Laws that presume to protect reputations are libel and slander laws.
In order to understand the nature of these laws it is helpful to realize that they are rooted in an era when kings and nobles used the state apparatus to punish people who said things that were unflattering about them.
From time to time, kings and nobles have drawn upon great power to prosecute some poor souls who dared to call them murderers and thieves instead of God's chosen elite who were destined to rule by divine right and heredity.
Just as common were provisions of the law that gave rulers sovereign immunity from anything that they would say about the reputation of peasants. As a vestige of this immunity, government officials in many lands are shielded from libel and slander laws when discharging official duties.
Is the purpose of libel law really to assure citizens of the truth of public statements? If the establishment of truth was really the purpose of such laws, then it would be logical that some injured party should be able to sue whether a false statement either damaged or enhanced a reputation unjustly.
It is commonly accepted that the reputation of a hero is damaged if someone calls him or her a thief. But certainly the public is harmed just as much, if not more so, when a thief is called a hero. But suing for false praise is usually not allowed. Indeed, false praise seems essential to contemporary politics.
Which reputations are protected by the law? Naturally, the law has been the handmaiden of those with the wealth necessary to engage the legal system most effectively.

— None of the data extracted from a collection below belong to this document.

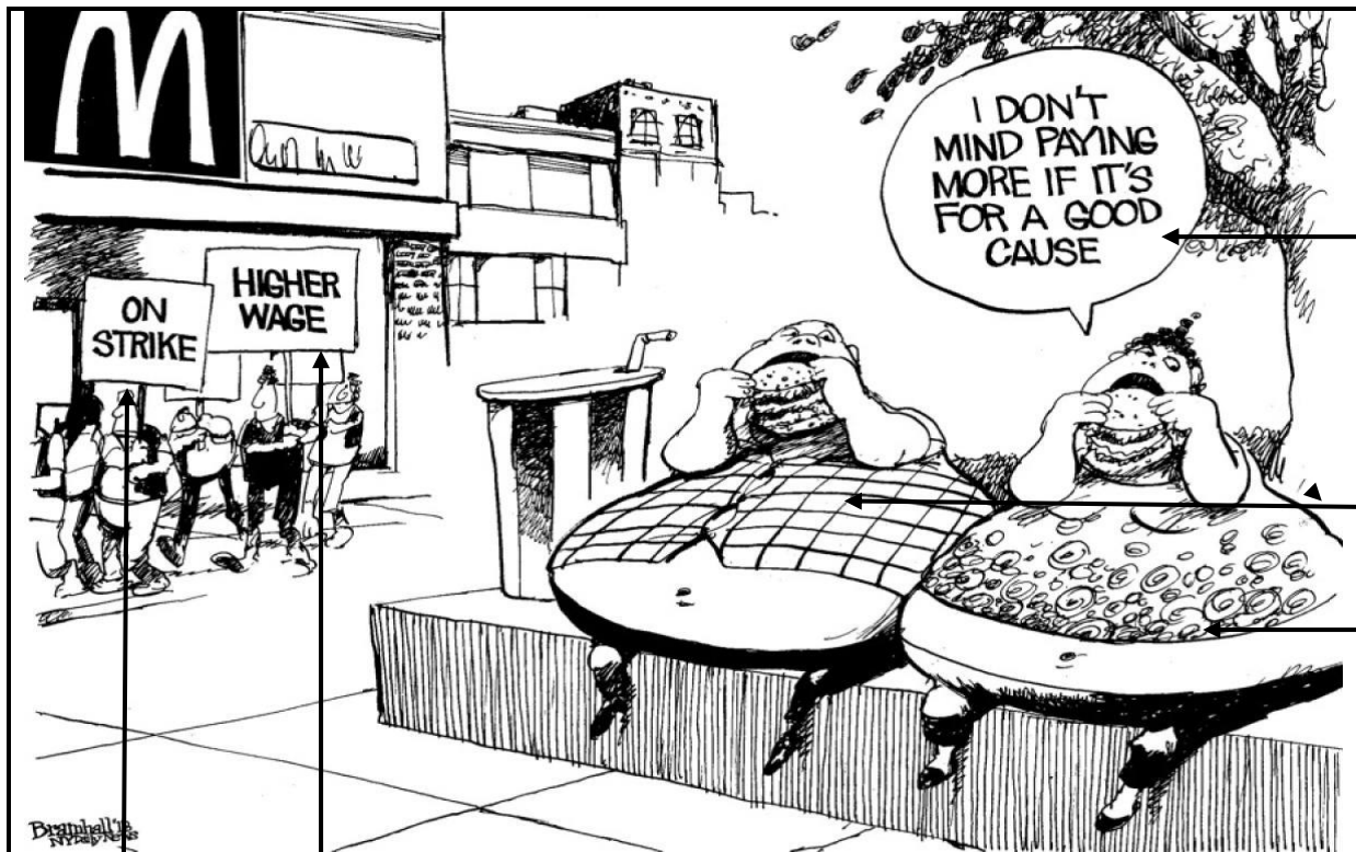
[Uit http://www.nydailynews.com/opinion/bramhall-cartoons-august-2d3-gallery- Toegang verkry op 15 November 2016.]

Die spotprent toon werknemers (links) by McDonald's wat staak vir hoër lone, en oorgewig klante (regs). M Lester het op 31 Augustus 2013 die spotprent met die titel 'McDonald's Health Care' vir die New York Daily News geteken.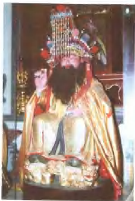
御乐轩所供奉的郎君大仙孟昶雕像。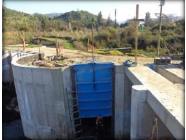
Bocatoma, compuertas de canal de descarga y alimentación.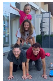
Eindrücke aus dem Jahr 2023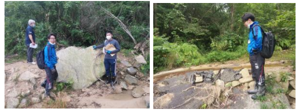
図 14 怖さを伝える写真 図 15 破壊に驚く様子

14 のように自分たちを入れて写真を撮りながら、小さな土石流でも直径 2m 近い大きさの石が流されてくることや、図 15 のようにアスファルト舗装が剥がされたり、破壊されたりすることに驚いたことを児童にぜひ実際に見学させて土石流のパワーを実感させたいと発言された。しかし、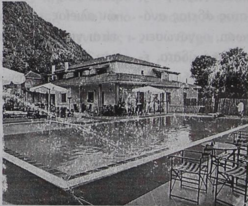
ΞΕΝΟΔΟΧΕΙΟ "Το Γεφύρι" Με 40 κλίνες, εστιατόριο, μπάρ, θέρμανση, πάρκιγκ κλπ. Στην ειδυλλιακή τοποθεσία της γέφυρας Αώου στην Κόνιτσα. Τηλ. 0655-23780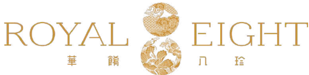
Gambar 2.2. Logo Royal 8 Chinese Restaurant

dekorasi Chinese klasik pada langit-langit dan dinding restoran, selain itu meja makan yang dipakai berupa meja bundar dengan bahan marmer. Royal 8 sangat cocok digunakan untuk berbagai macam acara seperti family dinner , meeting , gathering , product launching , hingga sangjit dan pesta pernikahan.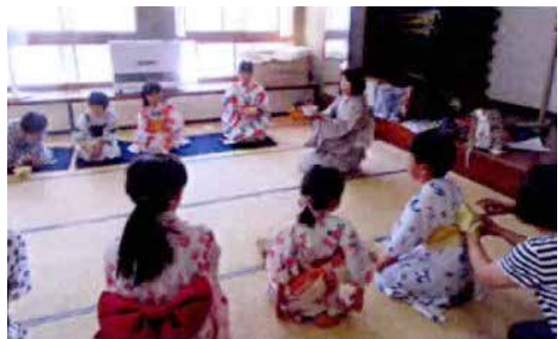
「和の心を知らう」「浴衣を着てお茶を戴く」

Wealth figures into the calculation of what a reputation is worth and, simultaneously, how much "damage" has been sustained. Presumably everyone has a reputation but it is of no great legal value unless one can show that libelous remarks have caused great, measurable diminution to income and wealth.
Also, the more mental anguish someone suffers, the more they might seek in damages. Stalwart individuals with great confidence and self esteem, who do not care what others think of them, have little to gain in the courts. Instead, it is the frail and insecure personalities, known to children as "crybabies," who will be able to claim the most in emotional damage.
Some people believe that politicians, acting through government, can be the guarantors of truth. This is truly ironic, since surveys typically rank politicians among the least trusted of professions.
Believing that government is a guarantor of truth is really part of the problem. To the extent that people suffer the illusion that they are being protected by government, they will not exercise their own protective judgement. If one is to weigh the costs and benefits of libel law, it is this reason alone which leads me to the conclusion that more damage is done by the law than is prevented by the law.
Expecting to be protected by the law many people say, "If it wasn't true, then surely someone would have sued." And others are intimidated by the fear of potential lawsuits. This fear has a chilling effect, as in Singapore, where critics are silenced and the public is left with an absence of genuine debate.
Defenders of libel law can usually win a very sympathetic audience because they claim that the law ultimately protects innocent people from scurrilous attacks on their reputations.
In this instance, a bit of wisdom might be borrowed from that notorious semanticist, Lenny Bruce. It was his contention that words are only dangerous when their use is forbidden.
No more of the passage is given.